Friday, October 27, 2006

Supreme Court grants cert on Microsoft/AT&T case

The U.S. Supreme Court on Oct. 27 agreed to consider an appeal by software maker Microsoft Corp. in a dispute over whether the company should be liable for damages overseas for infringing a software patent owned by AT&T Inc.

The issue is the "golden disk" and royalties based on the foreign manufacture and sale of infringing software products.

An earlier IPBiz post:
http://ipbiz.blogspot.com/2006/07/microsoft-infringes-through.html

***
Relevant to IBM and patent reform, David Berlind wrote of the IBM suit against Amazon:

For years, there have been a handful of companies trying to figure out how to erect a toll booth on the Web, if not the Internet altogether. In other words, they've been looking for some way to ensure that the Internet or some portion thereof can't work unless they get to collect a royalty on the majority of the Internet's traffic. Now, if a patent infringement suit filed by IBM against Amazon.com holds up in court, Big Blue may have finally found a way to collar the Web (or most of it). It may be a decade before we know the answer.

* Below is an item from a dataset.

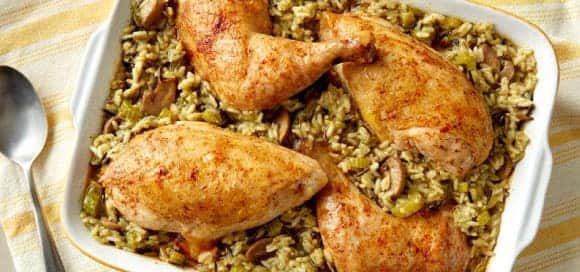 MAKE IT: Heat oven to 350°F. Grease 13×9-inch (3-quart) baking dish. Pour uncooked rice over bottom of greased dish. Sprinkle evenly with seasoning mix packet. Arrange chicken pieces over rice. Spoon celery and mushrooms around chicken. In medium saucepan, combine water and soup; mix well. Bring to a boil. Pour evenly over chicken and vegetables. Sprinkle chicken with paprika. Cover with foil. Bake at 350°F. for 1 hour. Uncover; bake an additional 20 to 30 minutes or until chicken is fork-tender and juices run clear. Let stand 5 minutes before serving.
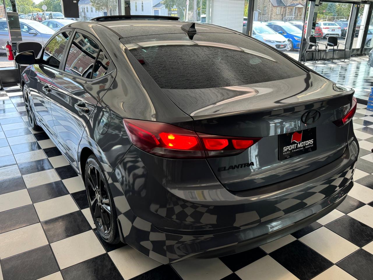 Ø This Elantra is equipped with: Rear View Camera, Blind Spot Monitor, Rear Cross Traffic Alert, Cruise Control, Automatic Rain Sensing Wipers, Traction & Stability Control, Automatic Headlights, Apple Carplay, Android Auto, Sirius XM Radio, Bluetooth, USB Input, Heated Seats (Front & Rear), Sunroof, Leather Steering Wheel, Comfort Access Key System, Keyless Push Button Start, & A/C!

Whether it was simply the prescience of IBM's engineers right around the time that the Web was born, or just a stroke of serendipity (perhaps connected with IBM's original association with the Prodigy online service), IBM appears to have a patent for online advertising. And now, nearly a decade and a half after IBM filed for the patent, and long after the online advertising environment has matured to a point that it's generating (in aggregate) billions of dollars for everybody from small businesses to Google, IBM's patent infringement suit against Amazon is the equivalent of Big Blue saying "Excuse me everyone, we've got something very important to say." Very important indeed if you own or operate a Web site with advertisements on it.